A three-day slackpacking hike is a great way to experience the Overberg’s flora and fauna … and reinvigorate both body and mind.

Nothing puts life into perspective like retreating to the mountains, taking time to appreciate the landscape. One foot in front of the other, climbing, descending, sometimes clambering over rocks and wading through trickling streams, allows one to focus on the intricate details of the surrounds, the vegetation and the creatures that call it home.

If this is something that appeals to you, why not try a wonderful three-day ramble along the Blue Mountain Trail? It is 50km winding through the wilderness, forests, fruit farms, and fynbos of the southern side of the Elgin Valley. I first heard about it while hiking the more familiar Green Mountain Trail in the Overberg mountains a year ago.

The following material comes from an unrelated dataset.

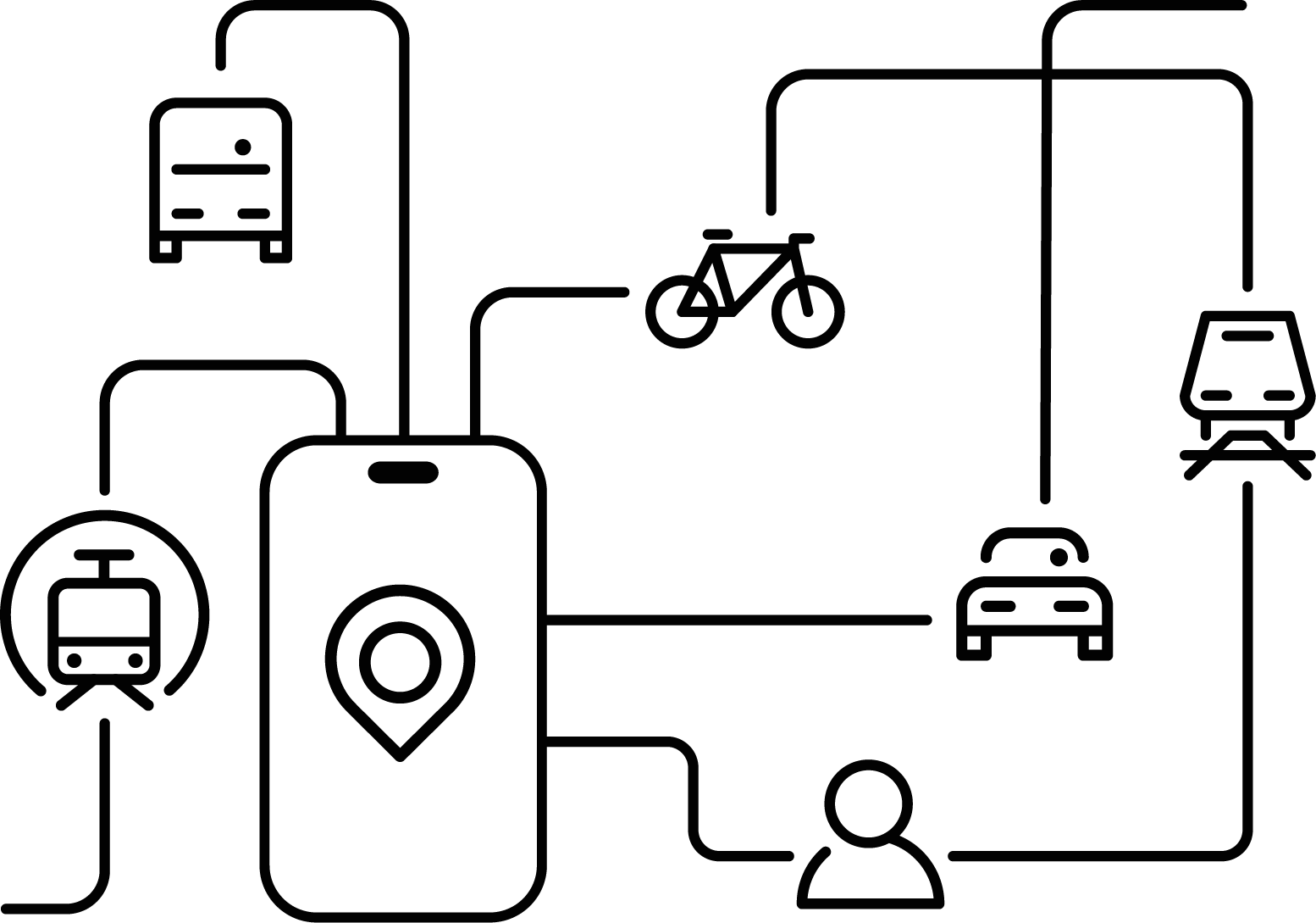 • Integration of various demand-responsive transport models, as well as on-demand services like bike-sharing, car-sharing, e-scooters, e-charging infrastructure and parking
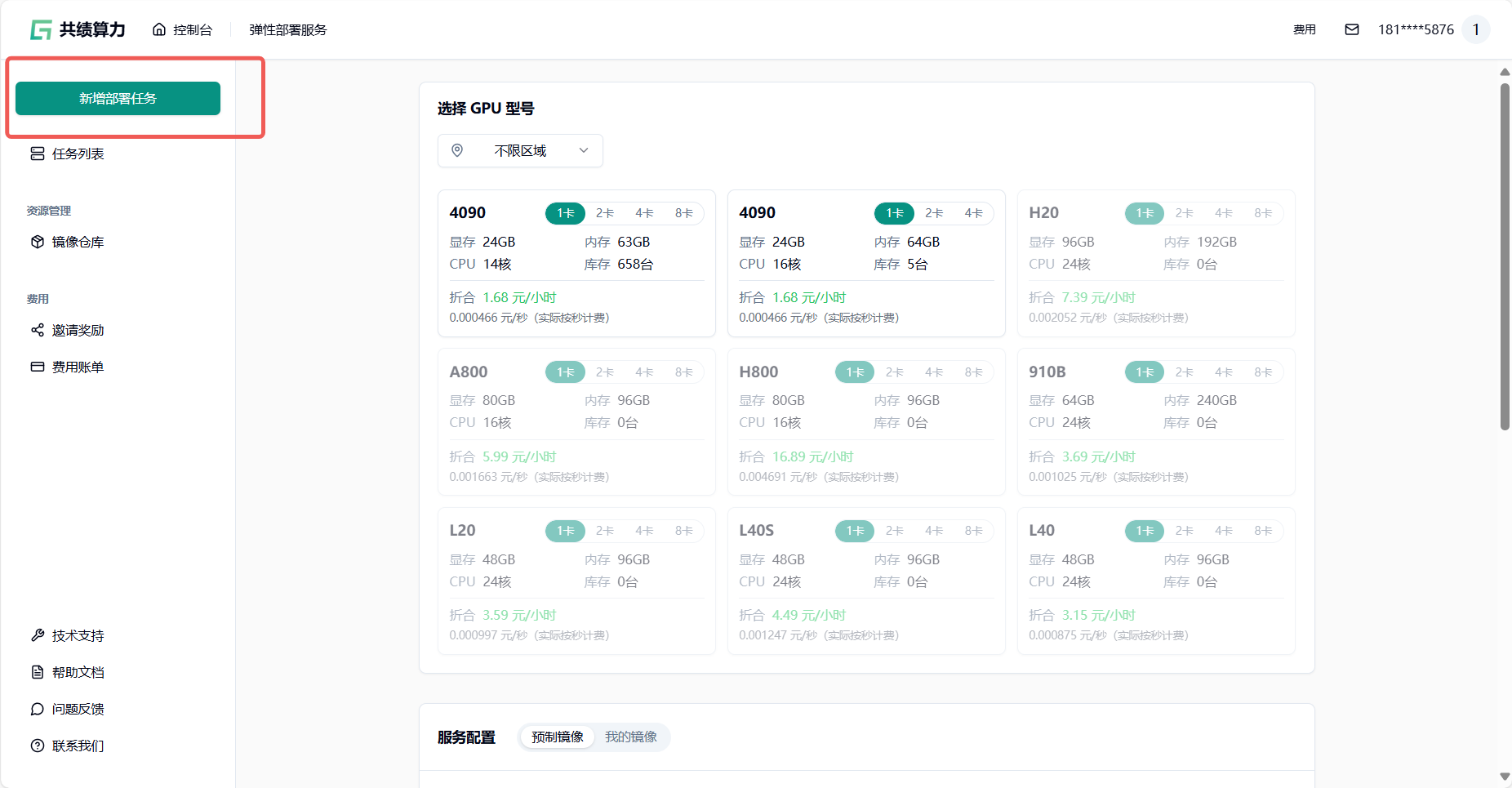 Section titled “1.1 选择 GPU 型号”选择 GPU 型号:推荐选择不限区域——享受全国闲置算力资源 随取随用

Under the same custodianship, the newer Blue Trail takes hikers even closer to the ocean and into protected land on the opposite side of the N2 highway. It is a manageable and well-paced hike, first past the Bot River, with views towards the wheat fields of the Overberg, and then descending into the Elgin Valley.

New Territory 

We spent time in the Paardeberg mountain above Kleinmond, walking in the pristine Kogelberg Biosphere Reserve, and then all along the curve of the Palmiet River. Seeing glimpses of the ocean below, we climbed the fynbos-rich hills with their dramatic rocky outcrops. On the last day, we reached the summit of Dragon’s Head. I am proud of this achievement, given that I am not much of a rock climber – yet.

The trail hails its name, Blue Mountain, not only from its blue hue in the evening light, but also from the colour of the sky and the views of the ocean. Revel in the mountain streams and cool waterfalls, and the way the sunbird’s little collar reflects the midday sun. For a change of scenery – and this is something hikers often do – you can request to do the trail in reverse, which provides a whole new perspective.

The Town of Hermanus. Photo by Hoberman Collection/UIG via Getty Images

The Town of Hermanus. Photo by Hoberman Collection/UIG via Getty Images

Just over an hour’s drive from Cape Town, I am very familiar with the Overberg area. I often visit the coastline that runs from Rooi-Els to Hermanus and on to De Kelder, and the inland towns of Napier and Caledon. Yet this trail is new territory to me. Of course, exploring it on foot affords a completely different perspective. It provides one with the opportunity to gaze across valleys towards familiar oft-driven highways and newly discovered mountain paths.

A Gift To Oneself

Time spent in nature is such a gift to oneself. It is soul food, a reconnection with the things that matter and a reminder of the need to protect our most precious environment, especially in such a phenomenal setting. Making our way through a tapestry of fynbos and fruit farms, we crossed privately-owned land, all sharing the vision to conserve the environment and promote responsible tourism.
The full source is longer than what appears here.